Solution: Data Ingestion & Transformation

Capture Actionable Data From Anywhere

The following story — which really did happen — relates an analog experience that helps us understand what we mean by customer signals and the value of being able to act on them. 

In the days before shopping for a car online became common, a local community college president preferred to car shop on Sundays. Car dealerships in that county were closed on Sundays, so he could look at the cars (and their sticker prices) without having to deal with a salesperson. 

He preferred one dealership in particular, because that dealer was on the school’s board and the two had become friends. He wanted to do his shopping incognito, so he parked behind the bank next door instead of on the dealership lot. There were two things the college president didn’t know at the time:

  1. The dealer liked to work on Sunday afternoons because there were no interruptions.

  2. The dealer’s office window faced the parking lot behind the bank next door.

So, every time the dealer saw the college president’s car parked behind the bank on Sunday afternoon, he knew it was just a matter of time before he’d have a used car sale. The information wasn’t actionable because the dealer didn’t want to embarrass his friend and customer by blowing his cover. Besides, the dealer felt confident that he’d get the sale at some point.

When the college president retired, a friendly roast was held in his honor, and the dealer was one of the roasters. Now, the secret data was actionable. 

The dealer roasted his friend by revealing how he had known all those years whenever the college president was looking for a used car upgrade. The attendees were highly entertained, and the subject of the roast was appropriately embarrassed and amused. Then came the clincher. The dealer described the kind of new car the retiring president should be shopping for, and gifted him — not the car, but a photograph of that car. 

One month later, the then-retired college president purchased the new car shown in the photograph.

Notice that every time the dealer observed his friend’s car parked behind the bank building, it was a piece of data and a signal of desire and intent. But only when that data became actionable could the dealer maximize its value.
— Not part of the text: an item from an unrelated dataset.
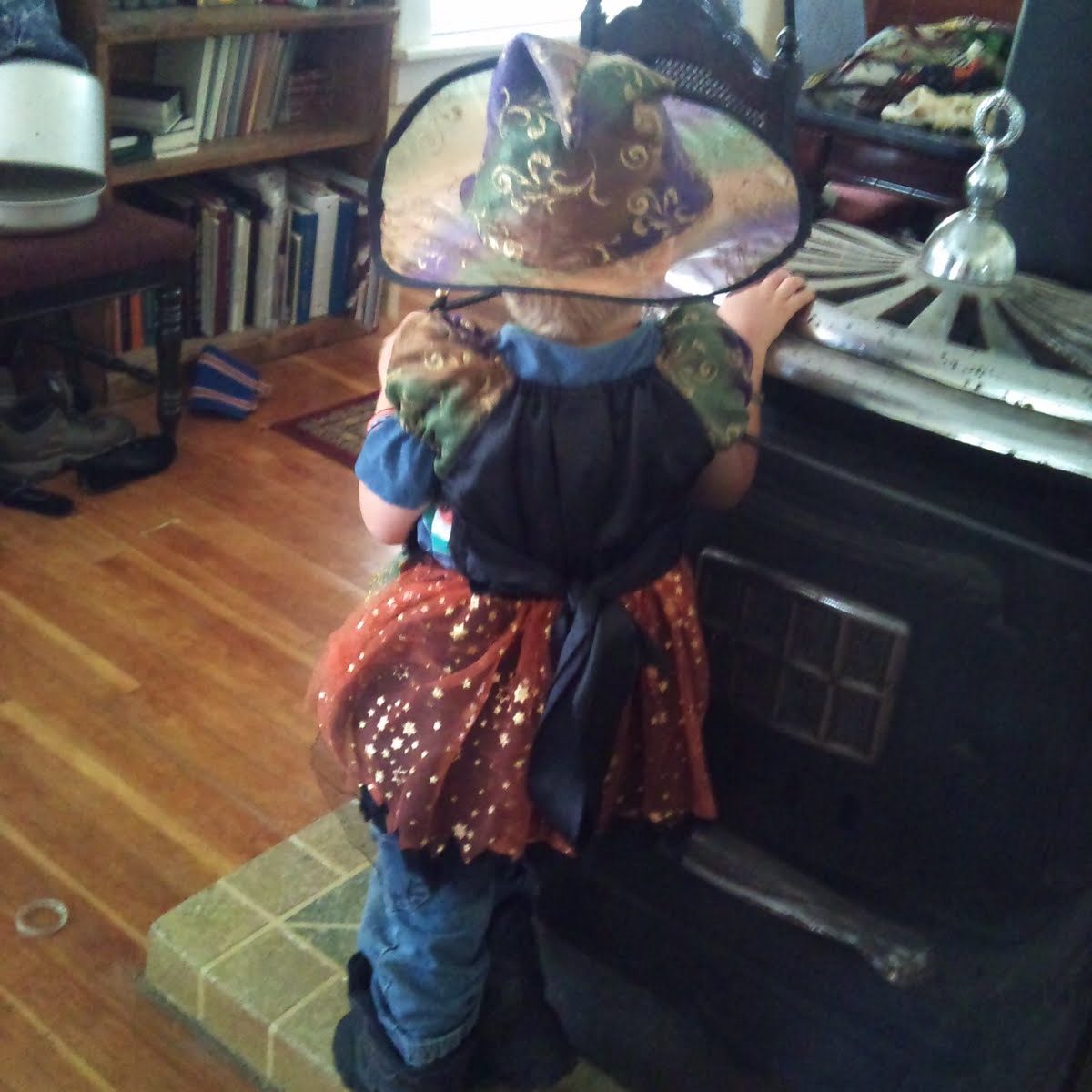 My little boy has really been into “dress up”. Every day he comes downstairs in a new outfit and has a new identity. Some days he is a train engineer, a robot, a spaceman, a pirate, and for awhile a witch… complete with the witch hat and dress.

Today, most businesses with more than 5,000 customer records have more data stored than they know what to do with. Hidden in that data are signals that reveal customer’s desires and intentions. 

 

To bring those signals to the surface and make the data actionable is the purpose of data integration.

What Is Data Integration?

Data integration is a business-driven technological solution to the problem of having lots of data that is not actionable. Why isn’t it actionable? Because there are numerous sources of data, all owned by different parts of the organization. Each source file can use a different format, which makes data from different sources incompatible with each other. 

A partial list of potential data sources includes:

  • Point of sale system

  • Web traffic

  • Web sales

  • Outbound call center

  • Customer service

  • Product information

  • Direct mail

  • Sales partners

  • Data censors

  • CRM

This list could be much longer, but you get the point. Just because you have collected all of this data doesn’t mean it can work together.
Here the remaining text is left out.